» Work required: Within the records below, repeat each line exactly but keep every picture out of the copy.

Records drawn from a dataset
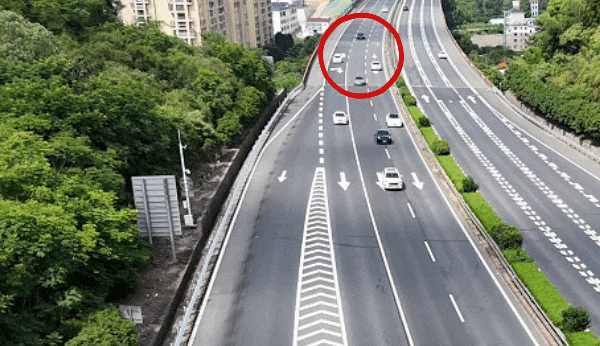 他们还公布了一起案例,8月5日,杭州公安高速交警在G25(杭新景)高速建德服务区附近,通过无人机高空巡查技术,成功捕捉到一辆违规实线变道的小型客车。
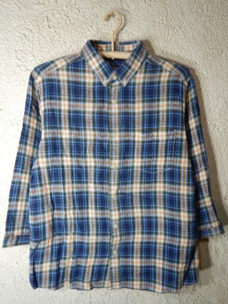 > n8898 Eddie Bauer エディー バウアー 7分袖 チェック デザイン ボタンダウン シャツ BDシャツ リネン 混紡 人気
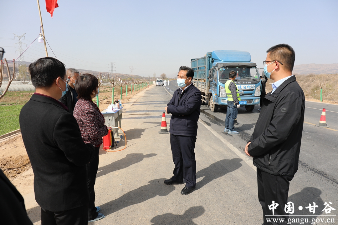 在天定高速公路磐安出口和310国道甘武交界处,索鸿宾详细了解扫码测温、核验通行、值班值守、异常人员处置流程、值班值守等疫情防控措施落实情况,叮嘱一线工作人员要在做好自身防护的情况下,压实责任到人、到岗,做好疫情防控服务工作。他强调,要始终紧绷防疫之弦,严防死守,坚决克服麻痹思想、侥幸心理,以更加有力的举措抓实抓细属地出入口疫情防控各项工作。要从严从紧从实排查,做到“不漏一车、不漏一人”,确保不留死角。要合理组织车辆分流,科学优化检疫查验流程、提高查验排查效率,保障交通安全畅通。要坚持高效便捷温馨服务,用心用情做好服务保障工作,让疫情防控既有“力度”又有“温度”。
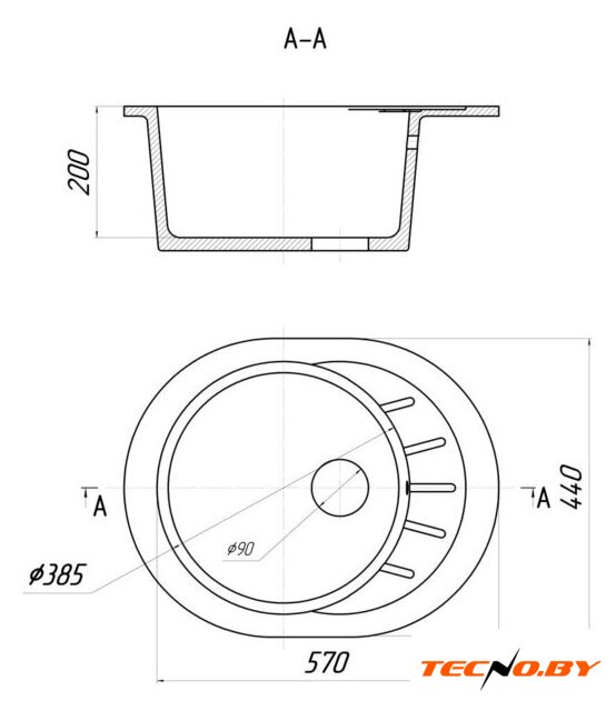 врезная на столешницу, искусственный камень, размеры: 51x55.5 см, глубина чаши: 19 см, в шкаф шириной от 60 см
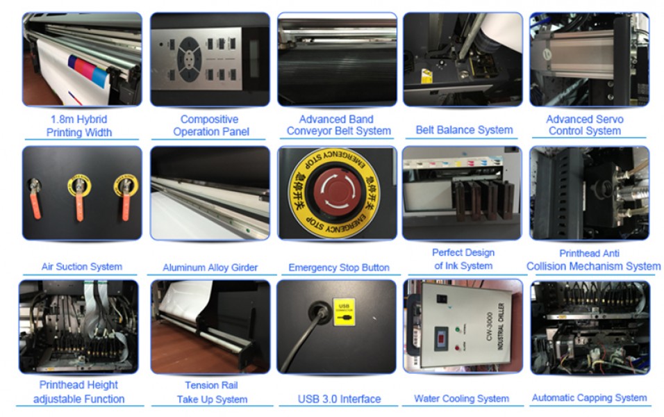 R180 roll to roll and flatbed printer is a new printing machine that combines a flatbed printer with inkjet printer in one machine, along with all features and advantages of a flatbed printer and inkjet printer. continuing XENONS consistent style for superior material, exquisite workmanship and stable production.
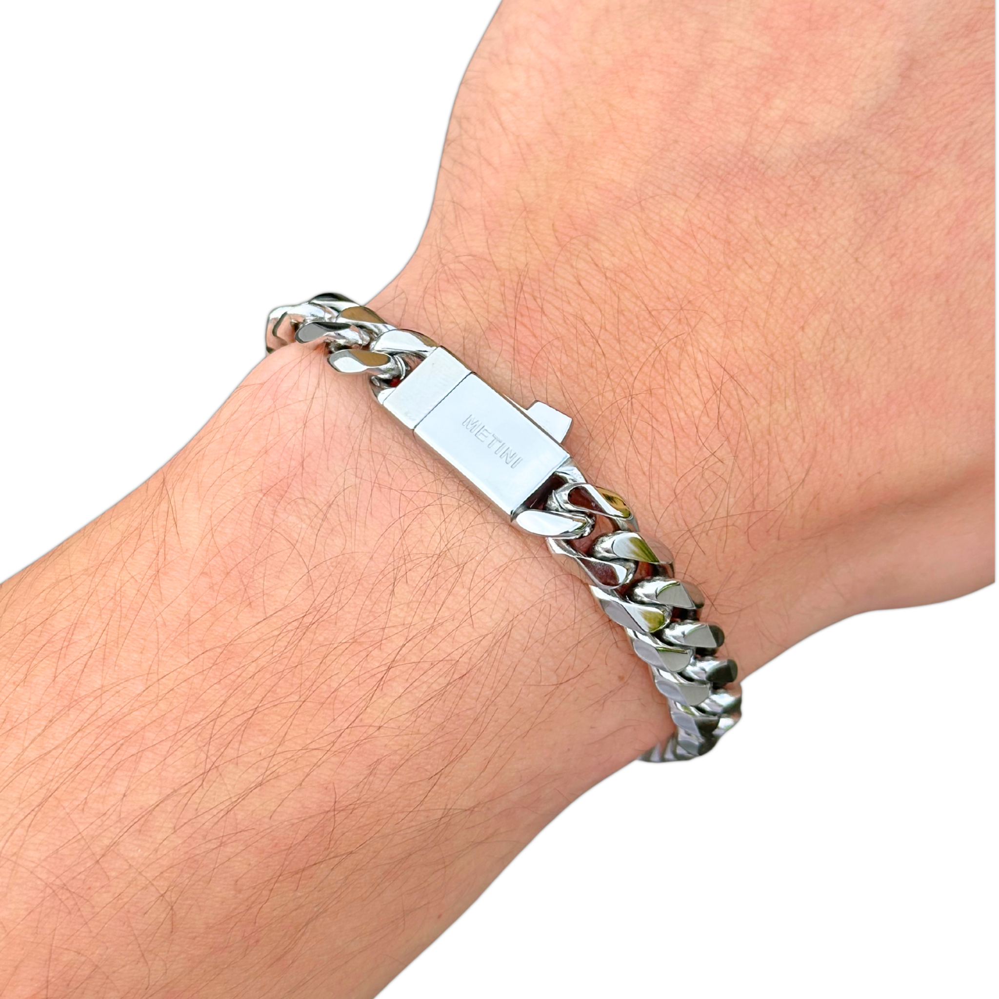 Imponująca bransoletka o splocie Cuban (10 mm) w kolorze białego złota to połączenie masywnej formy, elegancji i luksusu w najlepszym wydaniu. Charakterystyczny, gęsty splot Cuban symbolizuje siłę, niezależność i pewność siebie, a jego lśniące, chłodne wykończenie nadaje biżuterii prestiżowy, nowoczesny wygląd.

» Output for this exercise:
 他们还公布了一起案例,8月5日,杭州公安高速交警在G25(杭新景)高速建德服务区附近,通过无人机高空巡查技术,成功捕捉到一辆违规实线变道的小型客车。
 > n8898 Eddie Bauer エディー バウアー 7分袖 チェック デザイン ボタンダウン シャツ BDシャツ リネン 混紡 人気
 在天定高速公路磐安出口和310国道甘武交界处,索鸿宾详细了解扫码测温、核验通行、值班值守、异常人员处置流程、值班值守等疫情防控措施落实情况,叮嘱一线工作人员要在做好自身防护的情况下,压实责任到人、到岗,做好疫情防控服务工作。他强调,要始终紧绷防疫之弦,严防死守,坚决克服麻痹思想、侥幸心理,以更加有力的举措抓实抓细属地出入口疫情防控各项工作。要从严从紧从实排查,做到“不漏一车、不漏一人”,确保不留死角。要合理组织车辆分流,科学优化检疫查验流程、提高查验排查效率,保障交通安全畅通。要坚持高效便捷温馨服务,用心用情做好服务保障工作,让疫情防控既有“力度”又有“温度”。
 врезная на столешницу, искусственный камень, размеры: 51x55.5 см, глубина чаши: 19 см, в шкаф шириной от 60 см
 R180 roll to roll and flatbed printer is a new printing machine that combines a flatbed printer with inkjet printer in one machine, along with all features and advantages of a flatbed printer and inkjet printer. continuing XENONS consistent style for superior material, exquisite workmanship and stable production.
 Imponująca bransoletka o splocie Cuban (10 mm) w kolorze białego złota to połączenie masywnej formy, elegancji i luksusu w najlepszym wydaniu. Charakterystyczny, gęsty splot Cuban symbolizuje siłę, niezależność i pewność siebie, a jego lśniące, chłodne wykończenie nadaje biżuterii prestiżowy, nowoczesny wygląd.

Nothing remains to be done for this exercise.